L’écriture est absolument quelconque mais les mots anodins arrivent malgré tout à avoir l’air de ne pas exactement s’accorder les uns les autres. Un peu comme les sous-verres au crochet d’une vieille tante, sans être hideux, ne convainquent pas vraiment. L’enfant (appelons-le comme ça) a une personnalité digne d’une campagne gouvernementale anti-harcèlement scolaire. La mère (de sa mère), la mère (celle qui boit des bières brunes à la bouteille), l’amie, la vieille dame qui va bientôt mourir… toutes sont d’une épaisseur de rideau de cuisine. Le nouveau futur amour est moins attractif que l’ex-amant et le papa mort… est mort.

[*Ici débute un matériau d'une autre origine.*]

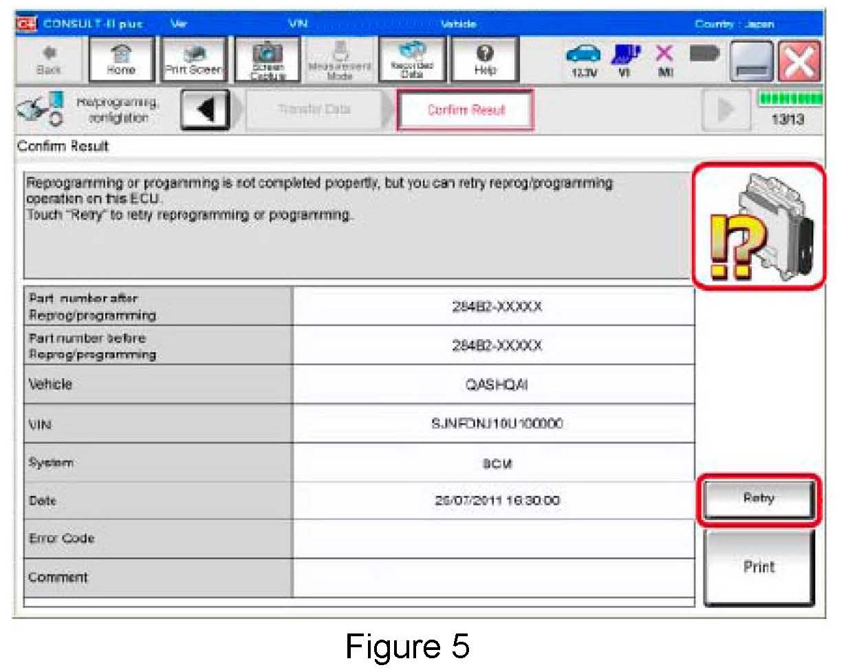 If reprogramming does not complete and the "!?" icon displays as shown in Figure 5:

Comme dans la cour de récré : « t’es mort ! ». Un paragraphe m’a réveillé, étant donné le peu de substance et l’arrivée subreptice du futur nouvel amour j’ai cru que LUI AUSSI allait être un fantôme. Ce qui aurait boosté la chose. En bref, un papa vivant, on s’en balance.
La Route des mortes, Franck Linol, Joël Nivard, La Geste, 2020, 360 pages, 13,90 €
Il y a des romans de gare. Il y a des gares désaffectées, il y a des michelines qui rouillent et des rails qui ne vont nulle part. Et il y a des polars qui ne disent rien. Deux personnages de deux auteurs régionaux (comme lorsque l’on dit « ça restera entre nous » ou « ça n’ira pas plus loin ») sont réunis dans un même volume. Il y a eu deux autres volumes ensuite, dont l’un après le décès de Joël Nivard. Direction le Plateau de Millevaches. En partant de Limoges. Eymoutiers, Nedde, Masléon, la grande tempête de ´99, Bourganeuf et ses CAP pour turcs, restaurants et bars, bibine et tête de veau, Le Populaire et FR3. Courts exposés bonne-conscience (Tarnac ou les fabricants de pellets), sexe essoufflé et enquête ramollo (ou l’inverse). Les deux ou trois absurdités physiologiques ne parviennent pas à améliorer des dialogues prémâchés et une intrigue née autour d’un pot-au-feu. Je ne dirai pas plus de mal d’un polar (d’une histoire de deux policiers) qui parvient à citer Serge Vacher. Style ? Entre Télé 7 Jours et une brochure syndicat d’initiative. Public ? Tous ceux qui se contenteront de savoir que Le Bacchus bar à vin peut mettre au moins une table en terrasse, que Le 1900 a un patron et au moins une serveuse, ou que Le palais de justice a au moins un couloir. Que sur le plateau poussent des Douglas (beaucoup, beaucoup) et que de gros camions emmènent les grumes (cf. couverture). Que quand il pleut ça mouille et que les Golf ça va vite.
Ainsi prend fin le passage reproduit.